/*
  xsns_13_ina219.ino - INA219 Current Sensor support for Sonoff-Tasmota

  Copyright (C) 2019  Stefan Bode and Theo Arends

  This program is free software: you can redistribute it and/or modify
  it under the terms of the GNU General Public License as published by
  the Free Software Foundation, either version 3 of the License, or
  (at your option) any later version.

  This program is distributed in the hope that it will be useful,
  but WITHOUT ANY WARRANTY; without even the implied warranty of
  MERCHANTABILITY or FITNESS FOR A PARTICULAR PURPOSE.  See the
  GNU General Public License for more details.

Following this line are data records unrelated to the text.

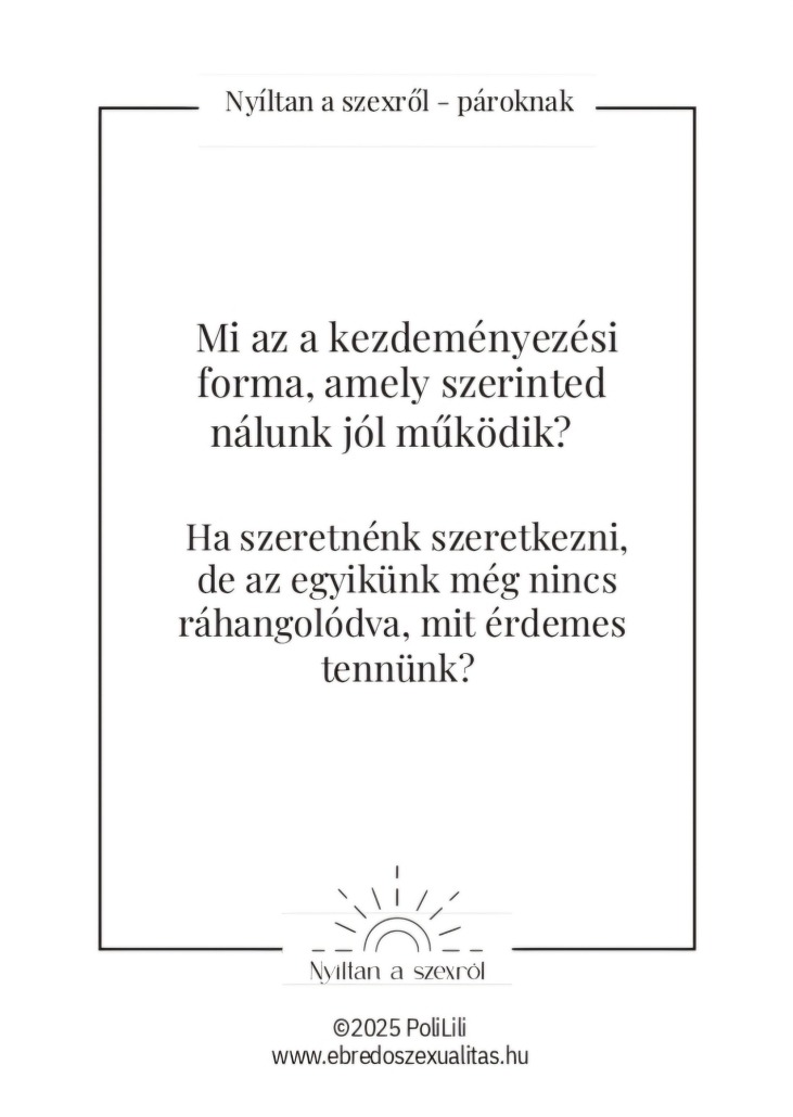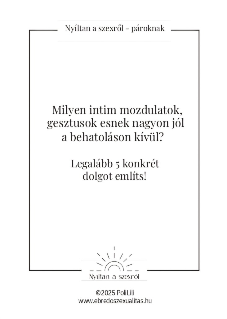 A kérdésgyűjtemény abban támogat titeket, hogy könnyebben megnyíljatok egymás előtt. Segítségükkel a szégyenlősséget és a kínos helyzeteket kíváncsiságra és pajkosságra cserélhetitek, miközben felfedezitek, mi ad valódi örömet számotokra a szeretkezésben.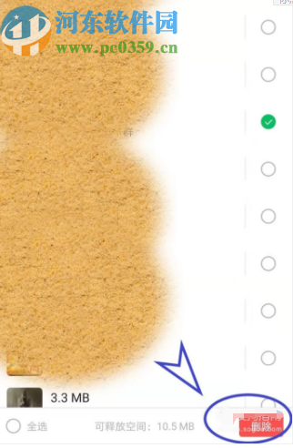 6.点击进入到管理当前微信账号聊天数据这个功能按钮之后,我们在出现的界面中选中想要清理聊天数据的一些聊天对话框,然后点击右下角的删除按钮即可。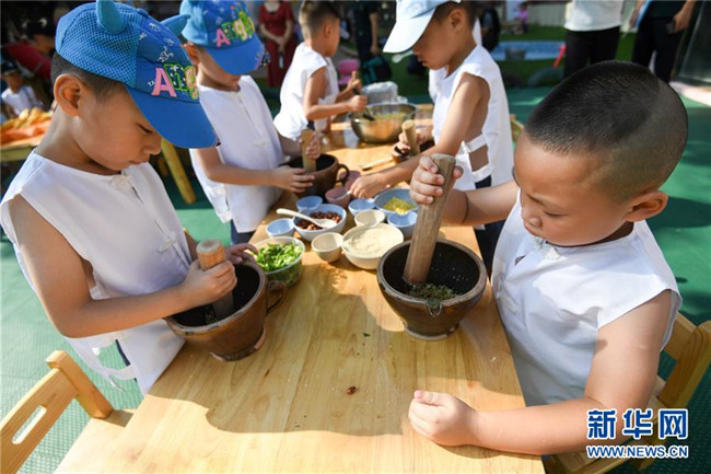 8月20日,贛州市贛縣區(qū)城關(guān)幼兒園的孩子們在體驗(yàn)制作擂茶。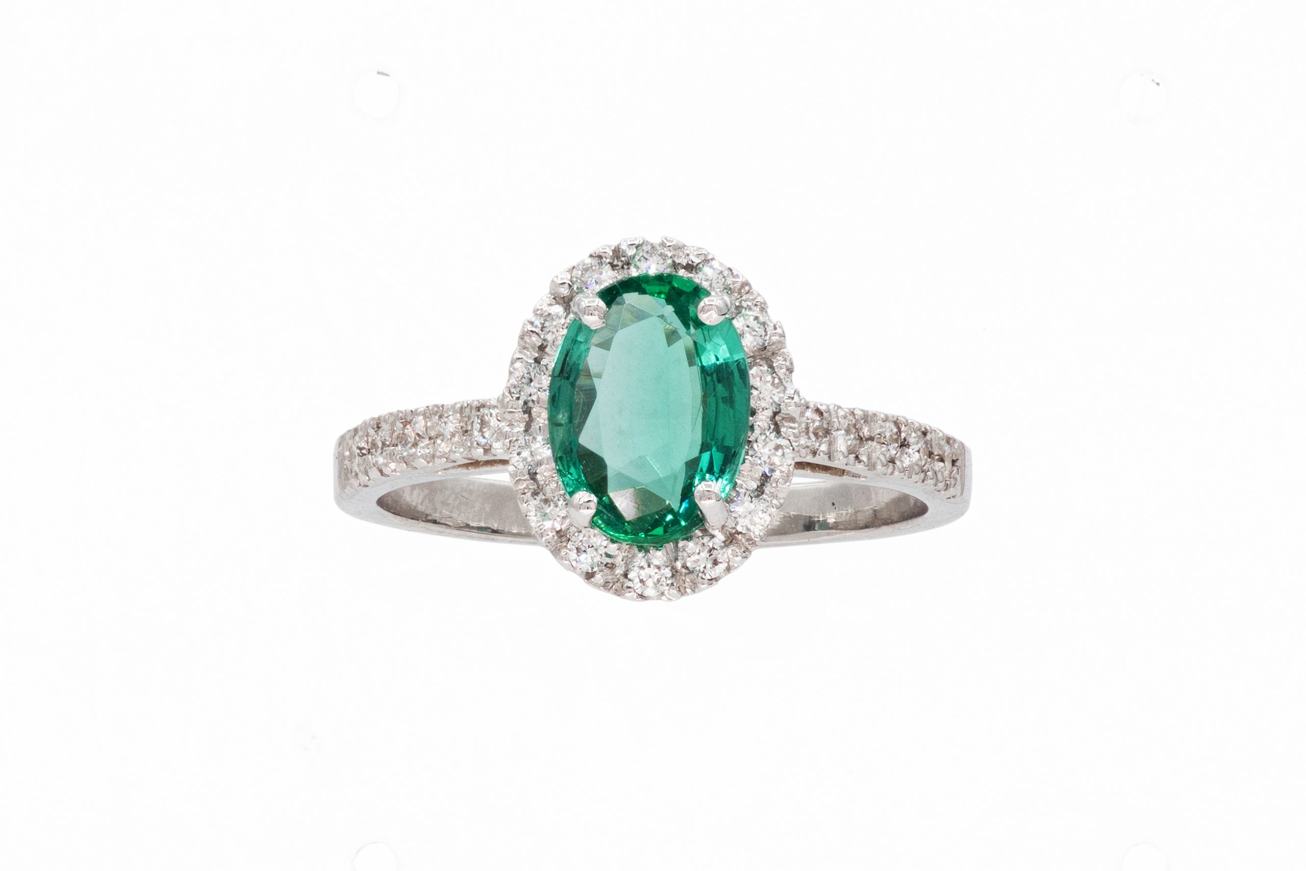 Anello oro bianco e smeraldo top color ct.1,01 e diamanti F color ct.0,24.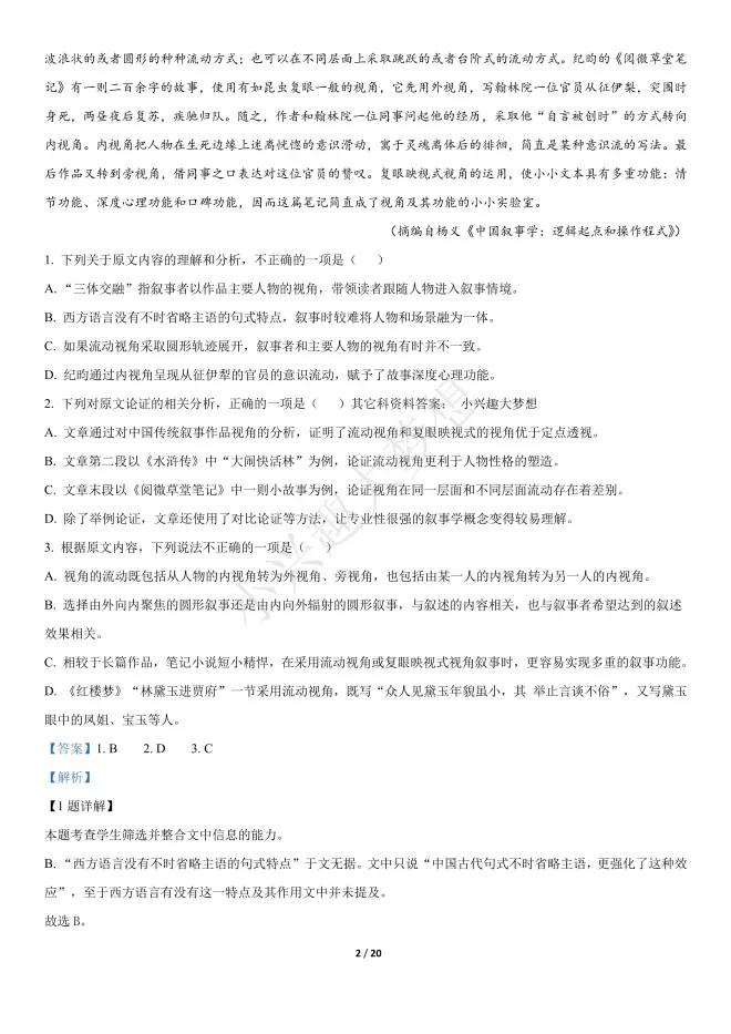 2022年普通高等学校招生全国统一考试语文(全国乙卷) (答案解析)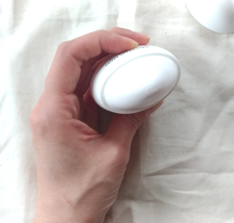 달걀 모양으로 되어있는데 위에 뚜껑부분을 뽑아내면 편하게 안에 담겨있는 로션을 짜내서 사용할 수 있어요
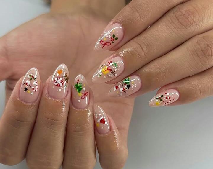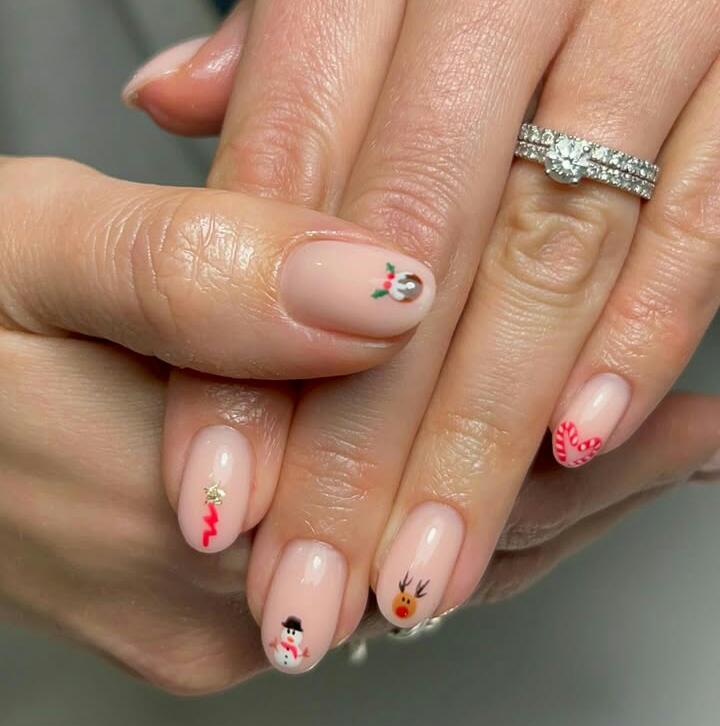 This short almond set features tiny holiday illustrations like a snowman, reindeer, candy cane, and holly on a nude base. The overall look is adorable and lighthearted, perfect for a fun and cheerful Christmas manicure.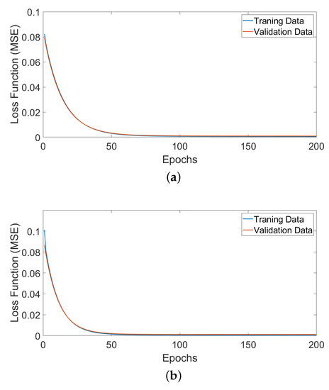 For deep learning forecasting, overfitting is one of the most significant problems in training neural networks. This occurs when the model performs well on training data but generalizes poorly to unseen data (the training loss is significantly lower than the validation loss) []. The weight regularization (-sum of the squared weights) is one of the regularization techniques added to the architectures [] to deal with the overfitting issue. The loss curve against epochs of the selected deep learning network architecture is illustrated in Figure 9.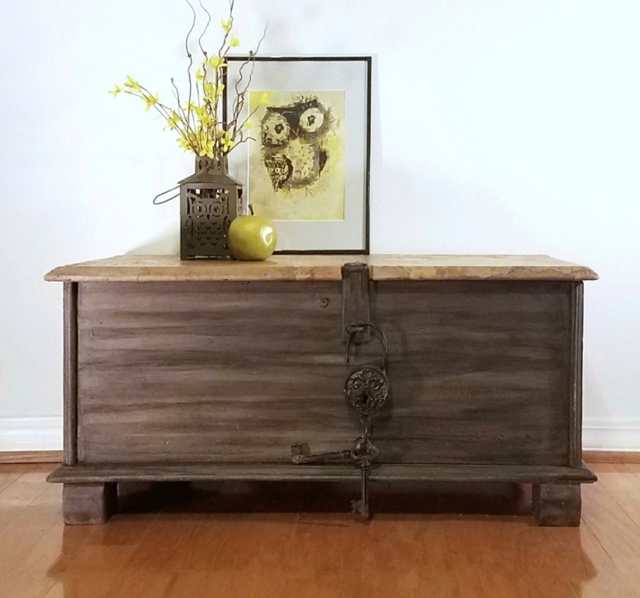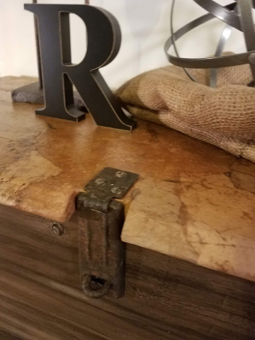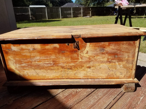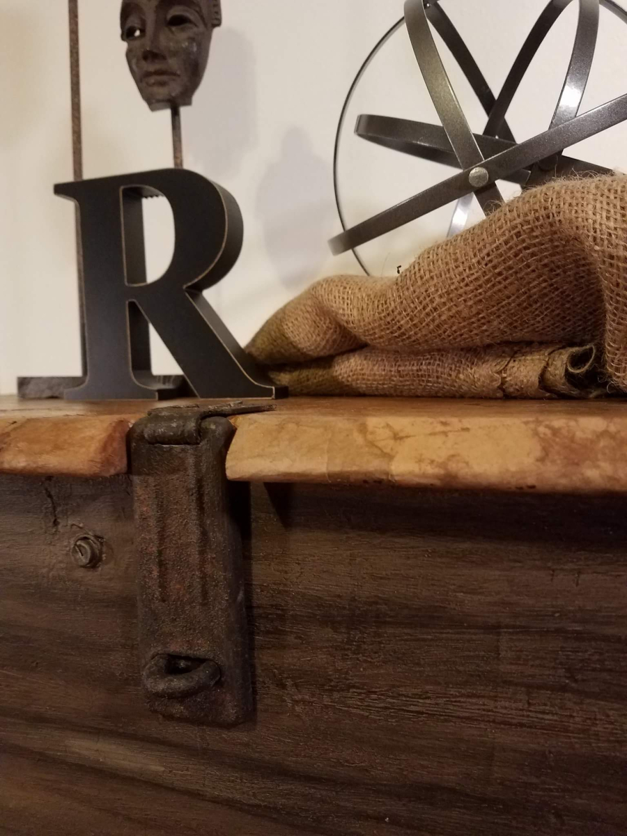 This trunk was split and falling apart. I used wood glue and bar clamped it .. Filled in holes and replaced hinge screws. I painted the base in Annie Sloan Coco and used some General Finished Dark Chocolate mixed with floetrol and made a glaze and did two heavy coats of glaze and wiped some back here and there to create multitoned dimension. This is my first decoupage project. I had some paper bags from walmart and other places and I tore these up crumbed them and dipped om a bowl of water .. I applied with modge podge until I ran out and had to water down some Gorilla Wood glue. I sealed with General Finishes high performance satin 3 coats .. the base I sealed with General Finishes Flat Out Flat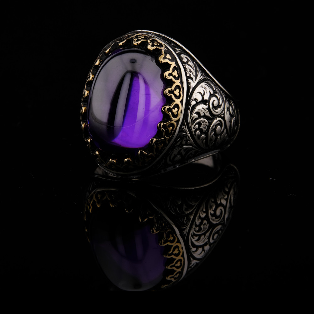 El işçiliğinin en güzel örneklerinden biri olan bu 925 ayar gümüş erkek yüzük, mor ametist taşının güçlü enerjisi ile tasarlanmıştır. Yüzüğün çevresindeki altın kaplama detaylar ve sarmaşık motifli desenler, yüzüğe asil ve zarif bir görünüm kazandırır. Hem klasik hem de otantik tarzı yansıtan bu özel yüzük, günlük kullanımda şıklığınızı tamamlayacağı gibi özel günlerde de dikkat çeken bir aksesuar olacaktır. Ametist taşı, tarih boyunca huzur, denge ve koruma sembolü olarak kabul edilmiştir. Koleksiyonunuza değer katacak bu tasarım, aynı zamanda sevdiklerinize de anlamlı ve şık bir hediye alternatifidir.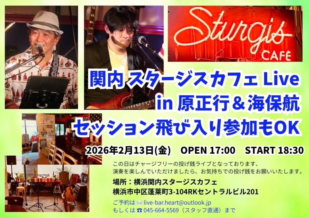 2月13日(金)原正行&海保航LIVE(関内スタージスカフェ)
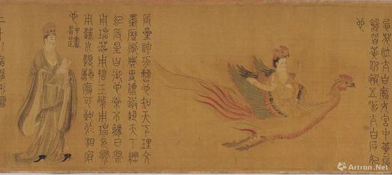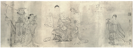日本大阪市立美术馆收藏吴道子(传)《送子天王图》是当今唯一存世且多为各种美术史著作征引的“吴家样”绘画实例?!端妥犹焱跬肌罚ㄓ置短焱跛妥油肌罚┯商迫宋獾雷铀?,图又名《释迦降生图》,乃吴道子根据佛典《瑞应本起经》绘画,现存此画为宋人摹本。全图分为三个部分:第一段描绘一位王者气度的天神端坐中间,两旁是手执筋板的文臣、捧着砚台的仙女,以及仗剑围蛇的武将力士面对一条由二神降伏的巨龙。第二段画的是一个踞坐在石头之上的四臂披发尊神,身后烈焰腾腾。神像形貌诡异,颇具气势,左右两边是手捧瓶炉法器的天女神人。第三段即《释迎牟尼降生图》,内容是印度净饭王的儿子出生的故事。从画面上,可以看到释迎牟尼降生时,他的父亲抱着他到寺庙朝谒见自在天神的情景。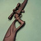 Pour le prix nous aurions pu avoir une crosse en bois de cagette comme on dit parfois, il n'en est rien ! Nous nous retrouvons avec une jolie crosse à trou de pouce assez bien finie. Il n'y pas de bavures ni traces de moulage. La crosse possède un large trou de pouce qui offre une très bonne prise en main sur la poignée pistolet très droite. L'index est bien dans l'axe lorsqu'il faut presser la queue de détente. Outre cet aspect moderne cette crosse est donc ergonomique. Elle est terminée par une plaque de couche en caoutchouc dur, bien strié horizontalement et qui adhère assez bien à la veste de tir. Le dos de la crosse est un peu en forme de dos de cochon qui permet de prendre un bon appui avec la pommette lorsque l'on vise.
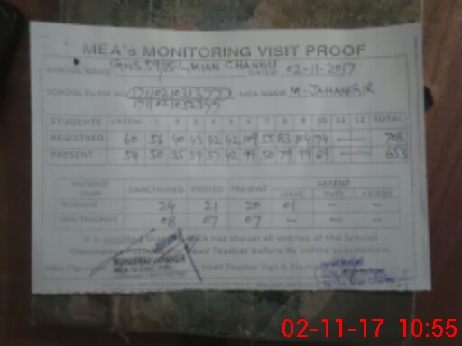 | EMIS Code: 36430017 | Name of School: GHS 59/15-L, MIAN CHANNU | |||
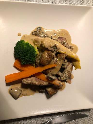 Le plat de résistance, un poulet tendre à souhait, était un modèle de cuisson maîtrisée. Accompagné de légumes de saison parfaitement travaillés, il offrait un mariage de saveurs réconfortantes et de finesse. La sauce qui l’accompagnait était à tomber, rehaussant l’ensemble avec une touche gourmande et parfaitement dosée.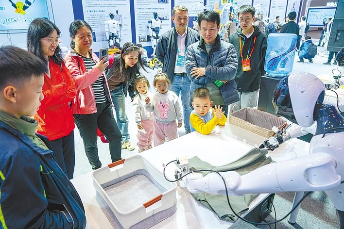 11月22日,中国光谷科技会展中心,观众在湖北人形机器人创新中心展台参观,人形机器人“表演”叠衣技巧。(湖北日报全媒记者 魏铼 摄)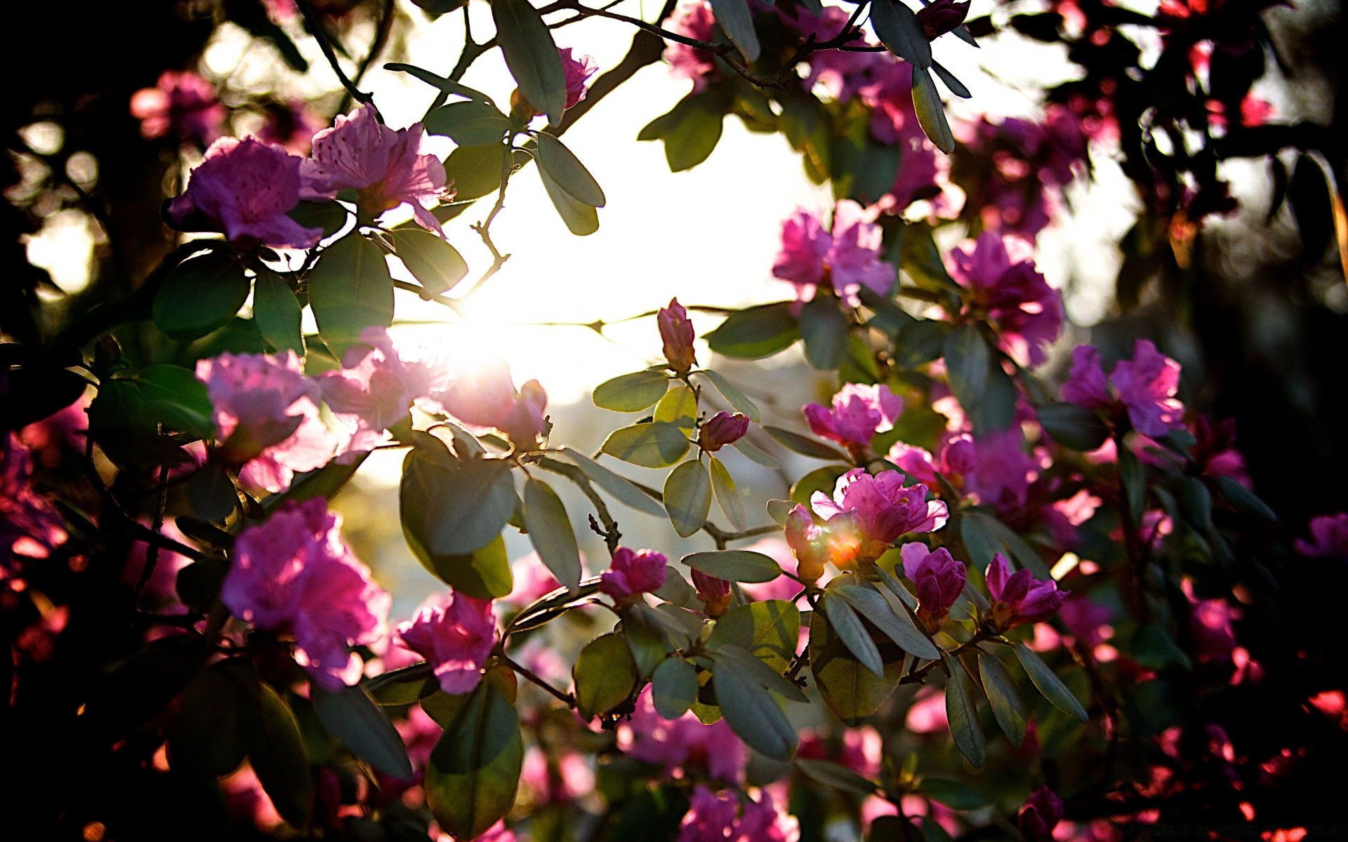 Różowe kwiaty drzew w jasnym słońcu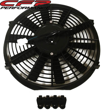 10 inch high performance universal electric radiator cooling fan. The fan is 10pcs flat blade type. The motor is reversible and the fan is 12Volt 2407RPM and 775CFM. Four point mounting bracket kit. Dimensions 11 1/4 "x 10 5/8" x 2 1/2" This fan is high torque motor features sealed ball bearings and fully balanced blades which insure low noise levels and a long life of smooth operation.

  You should have received a copy of the GNU General Public License
  along with this program.  If not, see <http://www.gnu.org/licenses/>.
*/

#ifdef USE_I2C
#ifdef USE_INA219
/*********************************************************************************************\
 * INA219 - Low voltage (max 32V!) Current sensor
 *
 * Source: Adafruit Industries
 *
 * I2C Address: 0x40, 0x41 0x44 or 0x45
\*********************************************************************************************/

#define XSNS_13                                 13

#define INA219_ADDRESS1                         (0x40)    // 1000000 (A0+A1=GND)
#define INA219_ADDRESS2                         (0x41)    // 1000000 (A0=Vcc, A1=GND)
#define INA219_ADDRESS3                         (0x44)    // 1000000 (A0=GND, A1=Vcc)
#define INA219_ADDRESS4                         (0x45)    // 1000000 (A0+A1=Vcc)

#define INA219_READ                             (0x01)
#define INA219_REG_CONFIG                       (0x00)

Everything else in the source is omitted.